ACP: add `str::from_boxed_utf8` for API consistency

# Proposal

## Problem statement

There's an inconsistency in the standard library's methods for converting a byte slice into a string slice:

| Type       | Unchecked Conversion             | Checked Conversion   |
|------------|----------------------------------|----------------------|
| `&str`     | `str::from_utf8_unchecked`       | `str::from_utf8`     |
| `&mut str` | `str::from_utf8_unchecked_mut`   | `str::from_utf8_mut` |
| `Box<str>` | `str::from_boxed_utf8_unchecked` | *none*               |

While workarounds are possible in both safe and unsafe code, the inconsistency can be a source of confusion, and the workarounds are clunkier than they need to be.

The pull request that added `str::from_boxed_utf8_unchecked` originally was going to add `str::from_boxed_utf8` as well, but did not, as it would drop the allocation.

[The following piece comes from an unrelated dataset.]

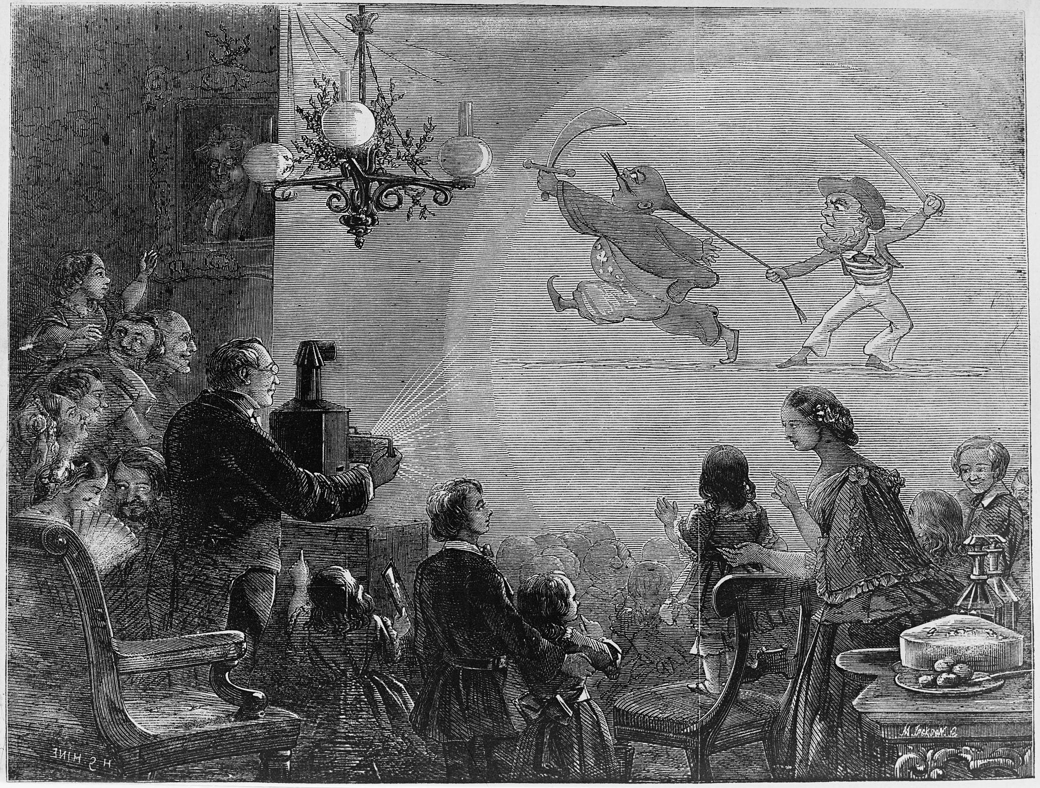 Projection d’images à l’aide d’une lanterne magique devant un public familial. Gravure du XIXᵉ siècle. Source : domaine public.

With that concern in mind, instead of returning `Utf8Error`, `str::from_boxed_utf8` could return a `FromUtf8Error`, as that preserves the allocation.

## Motivating examples or use cases

I recently was trying to implement a function to load a struct containing a `Box<str>` from a file, and was able to read it as a `Box<[u8]>`. In order to convert the byte slice into a string slice without rolling my own UTF-8 validation, I was trying to find a checked equivalent to `str::from_boxed_utf8_unchecked`, and was surprised that I didn't find one.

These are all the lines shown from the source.